This thesis describes the design and implementation of a global vision system for robot soccer. This system was designed for use with the University of Queensland’s team, the RoboRoos, in the 1999 Robot Soccer World Cup. Although functional, previous attempts at solving the robot soccer vision problem have lacked robustness, being overly sensitive to changes in environmental lighting conditions. Many of these attempts also made use of a tracking based solution, which left them prone to nonrecoverable fault conditions caused by the loss of a robot’s identity.

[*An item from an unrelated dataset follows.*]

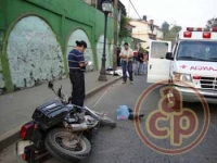 En un descuido perdió el control de la moto y derrapó con la unidad unos 15 metros sobre el pavimento y su cuerpo fue a chocar contra un poste de Telmex, mientras la moto marca Honda de color negro, siguió con la trayectoria quedando a unos 6 metros del cuerpo del infortunado servidor público.
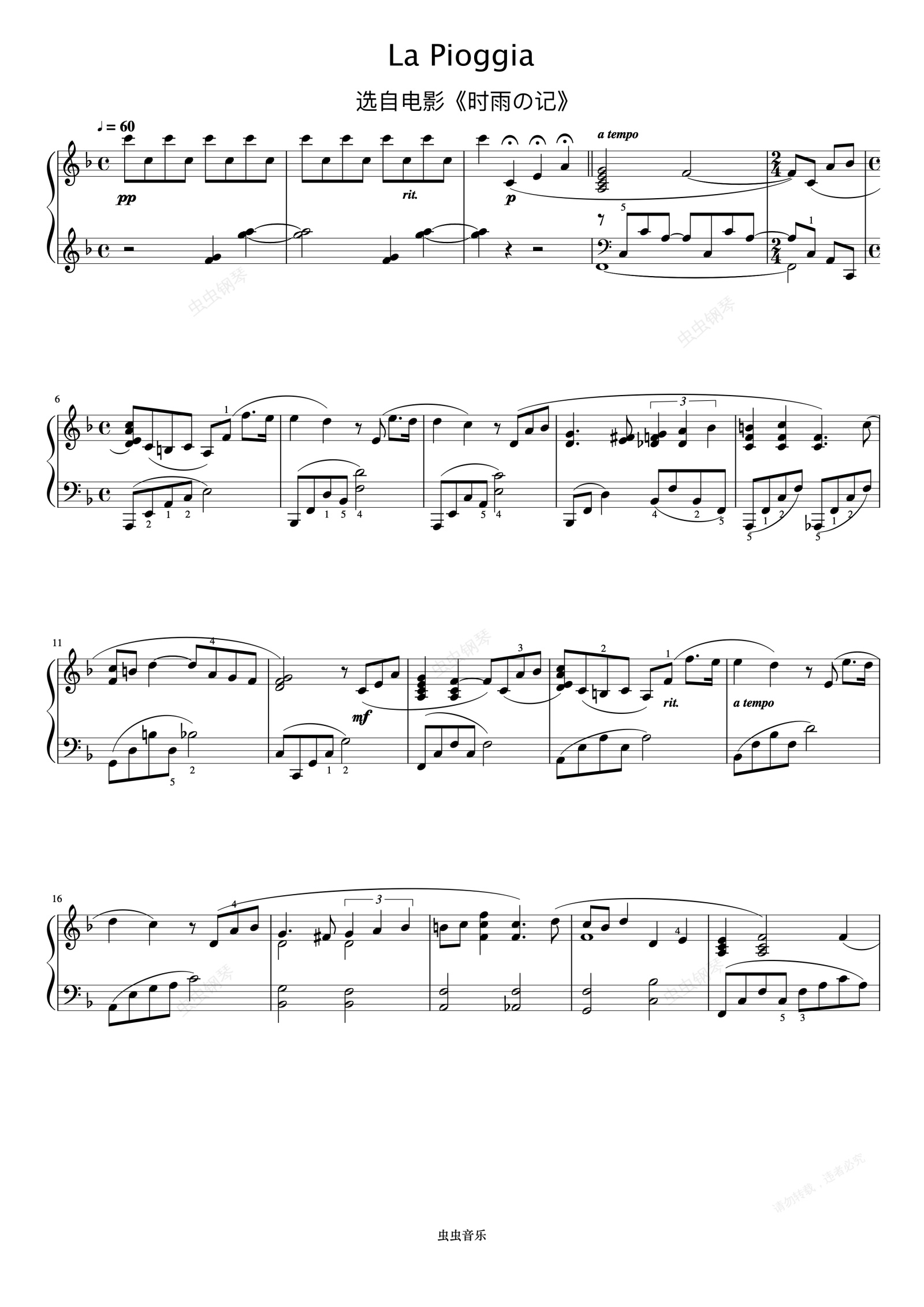 钢琴谱:La Pioggia《久石让钢琴作品精选集》

The global vision system works in two parts. The first of these sections is responsible for segmenting the robots and the ball from the background field. This segmentation is achieved by first determining which parts of the RGB colour space correspond to field green, and then performing a thresholding algorithm based on this information. Noise is then removed from the thresholded image, and objects are formed using a standard region-growing algorithm. Once the robots and the ball have been isolated from the background field, information can be extracted about them. The object recognition section of the system uses template matching and a unique method of encoding information in markings on the top of each robot to determine the orientations and identities of each of the RoboRoos.
The final vision system was able to provide all information required, and to operate in a manner that ensured the reliability, accuracy and speed of the information. The system also proved robust to changes in lighting and to fault conditions. This assessment was confirmed by the strong performance of the global vision system in the RoboCup ’99 competition.